Trigger Warning: This article contains information about sexual abuse which may be triggering to survivors.

 

Some of my earliest childhood memories are of being raped, in my house, in my bedroom, in my family home. The walls and the people who are supposed to keep you safe as a child, didn’t always. I can still remember playing in my room and never knowing when my bedroom door, the shower door or the bathroom door would open and the abuse would happen again. Closed doors never stopped him.

Let’s start at the beginning. I am a child of divorce. My parents separated when I was two. My father lived out of state so we only saw him about twice a year. My mom was young with three kids and wanted to remarry. She had known my step-dad for years before they married. The first time I was raped was when they were dating. I can still picture my mom in my step-dad’s room laying on his bed watching tv. My step-brother brought me into his room and locked the door. I was 5. My mother didn’t notice I was gone but my step-dad did. He came banging on the door. The abuse progressed after they married and soon after my step-brother moved in with us. He was a troubled teenager and was kicked out of his mother’s house. My mom worked, my step-dad worked nights so he slept during the day. My step-dad  sleeping in the room right across from mine didn’t stop my step-brother. It didn’t stop him from vaginal rape, or sodomy or from turning on pornography. I remember how bad it hurt. I remember how yucky I felt. I remember being confused and sad. I remember never feeling safe.

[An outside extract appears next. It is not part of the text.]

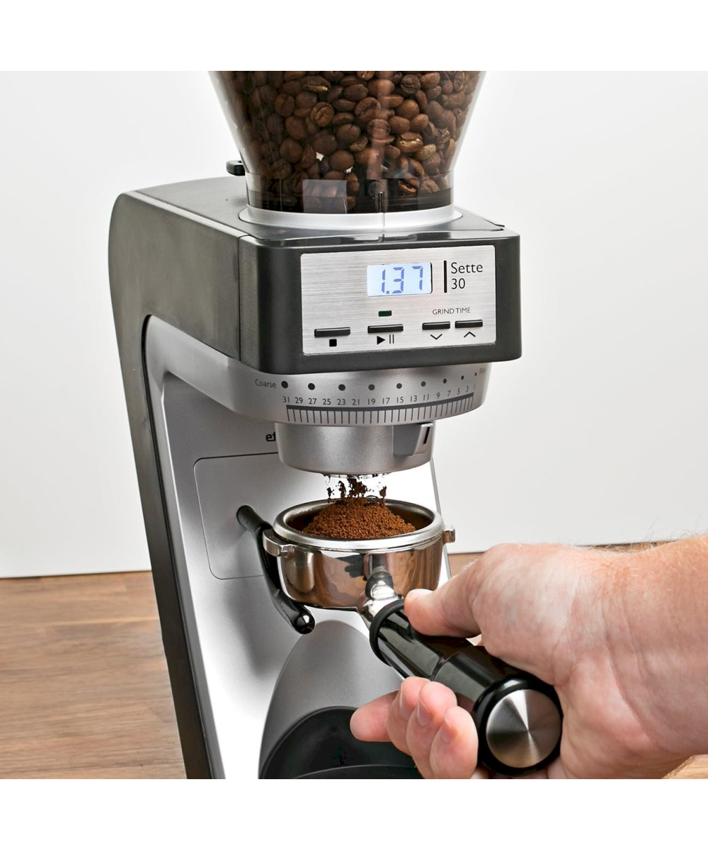 Die Baratza Sette 30 AP verfügt über 30 Mahlgradeinstellungen. Darüber hinaus kann mit den mitgelieferten Unterlegscheiben der Mahlgrad voreingestellt werden und macht somit auch ein Mahlen für Filterkaffee möglich.

What most people who haven’t been abused don’t realize is how brazen pedophiles are. They not only will abuse their victim with others around, but they get more aggressive in their abuse when they feel they won’t get caught. I still have a vivid memory of going to my step-brother’s friend’s house and having to perform oral sex on both of them. A little girl trapped in a room with two teenage boys, treating her like she is a sex object.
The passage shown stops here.